Seriously...

Published

So as part of a continuing process to improve patient satisfaction and fiscally beneficial as well we are implement a revised discharge plan (basically trying to get everyone to prepare for the patients discharge from arrival, anticipate any needs/barriers and get the correct departments on board in an effort to reduce a last minute scramble).

That being the case, we are trying to reinforce the need to do daily teaching with the patient daily regarding something...anythhing. We have a very simple, easy to use application that allows us to print pretty much anything you could think of that you'd want to educate the patient on (diet, procedure, test, medication, equipment). The staff has been educated to print the daily teaching sign give one copy to pt one copy to chart.

Because this discharge redesign is relatively new in implementation we have a specific team who has spent time daily on the units to offer assistance, answer questions.

So today during my audit, I found that 4/28 pts received daily education. SERIOUSLY?!? What do I have to do to get people on board with any changes? :uhoh3:

I am so frustrated right now I could scream!

Have you asked them why they aren't doing it? Honestly - I know it isn't coming from you, but the daily teaching is something that happens while I'm giving care to a patient. It doesn't come from a hand out they likely won't even look at.

I'm too aware of patients who may not be literate enough to understand (and you would never guess just who these people may be), the waste of paper and ink for papers that will end up in the trash, and the "in one ear out the other" attitude of many patients when it comes to officialdom. I have found that they'll listen better if the teaching is impromptu and casual, while other things are being attended to.

Specializes in Acute Care, Rehab, Palliative.
Voicecare would solve a lot of this for you. Every report given on it it banked somewhere for............well, IDK the exact amt. of time but I've heard numbers as high as 3-5 years.

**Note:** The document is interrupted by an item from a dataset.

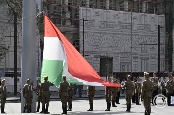 Ma 09 órakor ünnepélyes keretek között, katonai tiszteletadás mellett felvonták, majd félárbócra engedték Magyarország nemzeti lobogóját az Országház előtti Kossuth téren, melyre Szalay-Bobrovniczky Kristóf honvédelmi miniszter adott engedélyt. A zenekar eljátszotta a Himnuszt, majd a Szózatot. Fotónk MTI/Lakatos Péter felvétele.

I don't get what you mean.

What I am saying is that every time someone casually tells you something like " oh so-and-so rang and wanted there head up higher" I am supposed to run and chart that as having "received a report" on a pt.

I really think the only way to do patient teaching right is to have a nurse dedicated to just that task. I worked in one hospital that had a "Discharge nurse" - not a case manager, on every unit. That nurse was responsible for making sure every patient was prepared for discharge.

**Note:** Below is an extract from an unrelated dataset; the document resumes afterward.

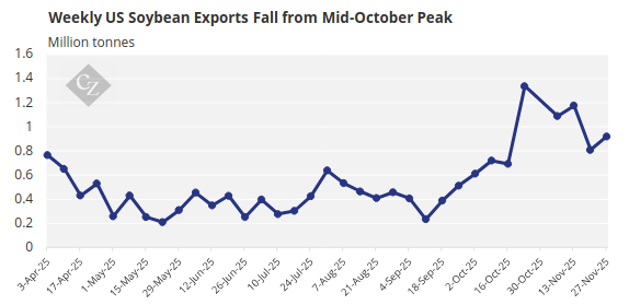 Weekly USDA export inspections for the 2025/26 market year fell below 800,000 tonnes during the week ending November 20, about half the nearly 1.6-million-tonne peak during the week ending October 16 when US beans were still at a discount to Brazilian beans.
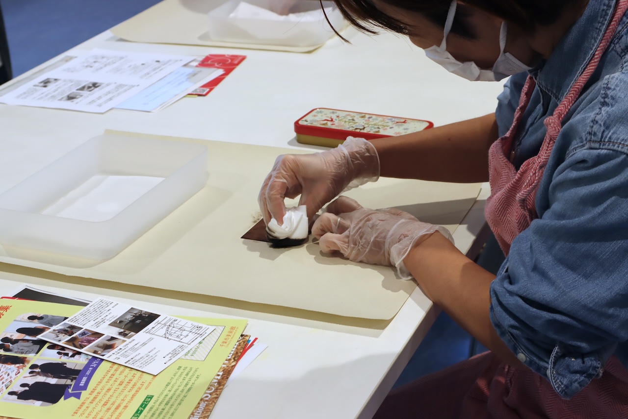 名刺サイズの下絵をご自身で準備し、プロ用のプレス機を使った作品を持ち帰りましょう。

Hospitals need to realize that complying with The Joint and providing excellent care are unrelated in that order. (i.e. if you provide excellent care, you will be compliant not the other way around).

Specializes in PACU, CARDIAC ICU, TRAUMA, SICU, LTC.
I never cease to be a amazed at what documentation they keep coming up with. My workplace has a new one - report received on a pt. We are supposed to chart time of report, who from, what professional designation, why there was a transfer of care, what was reported on, and how long it took. If you were busy or on break and someone else did something for your pt(e.g. toileted, turned, gave a med, gave a drink,helped with a meal) you have to fill out this documention EACH TIME. Needless to say most people choose not to participate.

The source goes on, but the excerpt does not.